Cultura e Spettacoli

Con «Irène» il giallo diventa esistenziale

Lo scrittore francese Pierre Lemaitre ha sempre avuto un'idea molto precisa di come la letteratura noir abbia un linguaggio insostituibile per narrare le tensioni sociali che attraversano la nostra società. Lemaitre ha fatto suoi i registri del poliziesco sia in opere come L'abito da sposo (2009) e Lavoro a mano armata (2010) dedicate alla crisi di identità del mondo della famiglia e di quello del lavoro ma anche ha virato di nero un romanzo dedicato ai reduci di guerra come Ci rivediamo lassù (2013) che gli è valso il Premio Goncourt. Esemplari nella letteratura concepita da Lemaitre sono stati i cupi noir con al centro l'ispettore di polizia Camille Verhoeven che portano i titoli di Travail soigné , Alex , Sacrifices , Rosy&John . Travail soigné del 2006 è stato tradotto sia nella versione americana sia in quella italiana, appena pubblicata, come Irène (Mondadori), utilizzando il nome della moglie di Verhoeven che ne condivide tutte le vicissitudini. In questa sua prima avventura l'inquieto poliziotto è alle prese con un serial killer che decapita e fa pezzi le donne, traendo ispirazione da thriller famosi. Verhoeven scoprirà poco alla volta che c'è un vero e proprio piano editoriale dietro le gesta dell'assassino, un piano destinato a costruire le tessere di un grande romanzo di suspense di cui il poliziotto diventa l'inconsapevole protagonista. Per costruire una storia del genere Pierre Lemaitre si è ispirato a più di un maestro.

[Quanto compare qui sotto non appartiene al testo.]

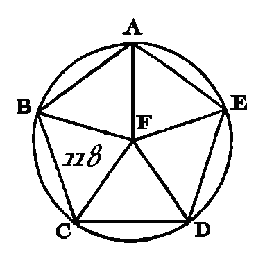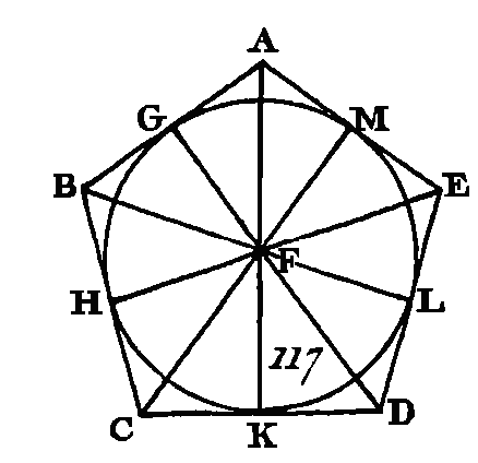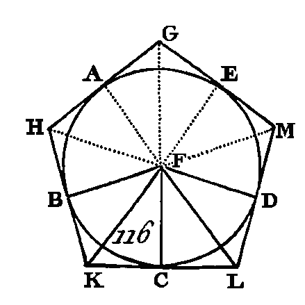 Puisque la droite KL touche le cercle ABCDE au point C, et que la droite FC a été menée du centre F au point de contact C, la droite F C sera perpendiculaire sur KL (prop. 18. III): donc chacun des angles FCK, FCL est droit; chacun des angles FBH, FBK, FDL, FDM est droit par la même raison. Puisque l'angle FCK est droit, le carré de la droite FK est égal aux carrés des droites FC, CK (prop. 47. I). Le carré de la droite FK est égal aux carrés des droites FB, BK, par la même raison : donc les carrés des droites FC, CK sont égaux aux carrés des droites FB, BK; mais le carré de la droite FC est égal au carré de la droite FB : donc le carré restant de la droite CK sera égal au carré restant de la droite BK : donc la droite CK est égale à la droite BK. Puisque la droite FB est égale à la droite FG et que la droite FK est commune, les deux droites BF, FK sont égales aux deux droites CF, FK ; mais la base BK est égale à la base CK : donc l'angle BFK est égal à l'angle KFC, et l'angle BKF à l'angle FKC (prop. 8. I) : donc l'angle BFC est double de l'angle KFC et l'angle BKC double de l'angle FKC. Par la même raison l'angle CFD est double de l'angle CFL, et l'angle CLD double de l'angle CLF. Puisque l'arc BC est égal à l'arc CD, l'angle BFC sera égal à l'angle CFD (prop. 27. III) ; mais l'angle BFC est double de l'angle KFC, et l'angle DFC double de l'angle LFC : donc l'angle KFC est égal à l'angle CFL : donc les deux triangles FKC, FLC ont deux angles égaux à deux angles, chacun à chacun, et un côté égal à un côté, puisque le côté FC leur est commun : donc ces deux triangles ont leurs autres côtés égaux aux autres côtés, et l'angle restant égal à l'angle restant (prop. 26. I) : donc la droite KC est égale à la droite CL, et l'angle FKC égal à l'angle FLC. La droite KL sera double de la droite KC, puisque la droite KC est égale à la droite CL. Par la même raison la droite HK sera double de la droite BK. De plus, puisqu'on a démontré que la droite BK est égale à la droite KC, que la droite KL est double de la droite KC et la droite HK double de la droite BK, la droite HK sera égale à la droite KL. Nous démontrerons semblablement que chacune des droites GH, GM, ML est égale à l'une ou à l'autre des droites HK, KL : donc le pentagone GHKLM est équilatéral. Je dis aussi qu'il est équiangle ; car puisque l'angle FKC est égal à l'angle FLC, et qu'on a démontré que l'angle HKL est double de l'angle FKC et l'angle KLM double aussi de l'angle FLC, l'angle HKL sera égal à l'angle KLM. Nous démontrerons par une raison semblable que chacun des angles KHG, HGM, GML est égal à l'un ou à l'autre des angles HKL, KLM : donc les cinq angles GHK, HKL, KLM, LMG, MGH sont égaux entre eux : donc le pentagone GHKLM est équiangle. Nous avons démontré qu'il est équilatéral, et il est circonscrit au cercle ABCDE ; ce qu'il fallait faire. PROPOSITION XIII.PROBLÈME.Dans un pentagone équilatéral et équiangle, inscrire un cercle. Soit ABCDE (fig. 117) le pentagone équilatéral et équiangle donné : il faut inscrire un cercle dans le pentagone ABCDE.

Lemaitre ammette di avere attinto emozioni e cliché da romanzi fra loro diversi che gli permettessero di costruire il suo modo emozionale. Storie che costituiscono veri e propri indizi sia per il suo eroe che per i lettori. Si va da Il dramma di Orcival (1896) di Émile Gaborieau a Dalia nera (1987) di James Ellroy, da American Psycho di Brett Easton Ellis a Laidlaw. Indagine a Glasgow di William McIlvanney, a Branco di lupi di John D. MacDonald (1960). E se Lemaitre ammette di avere esitato a rileggere Georges Simenon non nasconde di avere fatto sue le speciali lezioni di tenebra della coppia svedese composta Maj Sjöwal e Per Walhöö che con Roseanna (1965) diedero vita al ciclo dell'ispettore Martin Beck. In bilico fra letteratura e realtà il commissario Verhoeven e Pierre Lemaitre si domandano: «esiste un limite di morti che possano definirsi accettabile? La narrativa poliziesca ha forse la capacità di esorcizzare la barbarie della nostra società fino a renderla sopportabile?».

La risposta è nelle mani dei lettori.